Thomas Piketty is no Marxist, he’s a Jacobin!
Yvan Allaire | Financial PostPiketty totally misses the real driver of this huge increase in compensation of U.S. executives: stock options.
Thomas Piketty is a French economist and the omnipresent author of Capital in the 21st Century. Since the publication of the English version of his book, Piketty has become the coqueluche of the American left.
Although branded as a neo-Marxist by right-wing pundits, Piketty is actually a Jacobin, an heir of the French Revolution to which he refers in several instances and always favourably. Led by Robespierre, the Jacobins in the Reign of Terror passed radical legislation, hunting down and executing their opponents.
The gist of Piketty’s book, though, consists of a description of the pattern of income and wealth inequality over many decades and across several countries.
The Financial Times ignited a virulent controversy when it questioned some of his statistics. There were bound to be some inaccuracies and debatable “corrections” in such a massive undertaking. Though the issue will certainly do some damage, the “errors” are minor and do not change the overall picture the book describes.
However, Piketty’s policy prescriptions to solve the problem of inequality have become the controversial and questionable part of his book. Even people who share a discomfort with the present level of income and wealth inequality should recoil at his proposed remedies: 80% marginal tax on income and a global tax on wealth.
It should be noted that Piketty himself has now soft-pedaled on the book’s radical prescriptions, claiming they were merely put forth to stimulate discussion and debate.
But the book suffers from its broad-brush depiction of complex phenomena, and as a result is often superficial and misses out on important insights. In other words, Piketty bites off more than he can chew.
Take his “analysis” of the vastly increased inequality of income and wealth in “Anglo-Saxon” countries (U.S., U.K., Canada, and Australia) as compared to European countries. Piketty attributes a large part of the blame to the huge increases in “salary” paid to executives of listed companies.
This phenomenon, claims Piketty, flows from the fact that executives essentially set their own “salary.” Therefore, given the change in “social norms and acceptability” since Reagan and Thatcher, U.S. and U.K executives can pay themselves stupendous amounts without any social push-back.
In fact, the salary and bonus of U.S. executives in constant dollars do not increase much from the 1950s to the 2000s.
Piketty totally misses the real driver of this huge increase in compensation of U.S. executives and its contribution to wealth inequality: stock options and share-related compensation.
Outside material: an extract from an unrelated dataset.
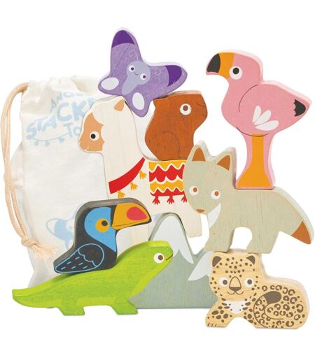 Réussirez-vous à empiler ces petits animaux sans qu'ils ne tombent ? Ce jeu à empiler, fabriqué en bois d'hévéa, est idéal pour que les enfants développent leur coordination et leur motricité fine. Il comprend 8 animaux en bois et une montagne, livrés avec un petit sac en tissu imprimé pour les ranger facilement et les emporter partout ! Dimensions du lama : 7,4 cm. ...

In fact the term “stock options” does not even appear in the index of the book.
Stock-related compensation for executives began on a small scale sometimes in the 1970s, grew in the 1980s to 26% of total compensation for the 50 largest American companies; during the 1990s, grew to 47% and to 60% during the period 2000-2005. In 2010, stock-related compensation made up 62% of the total compensation of S&P 500 CEOs and 55% of total compensation for the CEOs of TSX 60 companies.
Up to the 1990s, this form of compensation was virtually absent in Europe (except for the U.K.). Even by 2008, the compensation package of European executives was made up of only 19% in stock options and stock-related incentives.
Then, connect the compensation of U.S. executives, which is made up of this large chunk of stock options and stock-related compensation, to the performance of the U.S. stock market. For instance, the value of the S&P 500 index was multiplied by 10 during that 30-year period.
So, prior to 1980 there was no correlation between total compensation of U.S. executives and the stock market. But beginning in the 1980s there is, not surprisingly, an almost perfect correlation between total compensation of U.S. executives and the stock market.
Given that the life of stock options is usually 10 years, given the general, though not universal, practice of granting stock and stock options every year, it is obvious why the compensation and wealth of American executives exploded during this period of 30 years. But Piketty seems unaware of these dynamic influences on wealth and income.
Piketty also misses out on another very powerful driver of unequal wealth distribution and concentration of riches in the top 1% and top 0.1% of Americans: the peculiar evolution of the American (and U.K. and Canadian) finance industry.
Below the radar, unseen by the public, a large number of specialized, privately-owned outfits carry on financial transactions, trading, speculating, and creating immense wealth for their partners and managers.
One such group, about which the veil of ignorance is lifted ever briefly once a year, is made up of so-called hedge funds.
The magazine Alpha manages to collect and report the cash income of the 25 most successful hedge fund managers each year. In 2014, it reported that these 25 guys earned $21.15-billion, with income ranging from $300-million to $3.5-billion. That, by the way, means that these 25 “managers” earned 3.5 times the total compensation of all CEOs of the S&P 500 companies, those very people who are subjected to virulent criticism for their extravagant paycheque.
Those who believe that wealth and income inequality must be reduced, that, at its current U.S. level, it becomes a socially explosive phenomenon, must come up with realistic and effective policies.
Certainly not the prescriptions of Professor Piketty!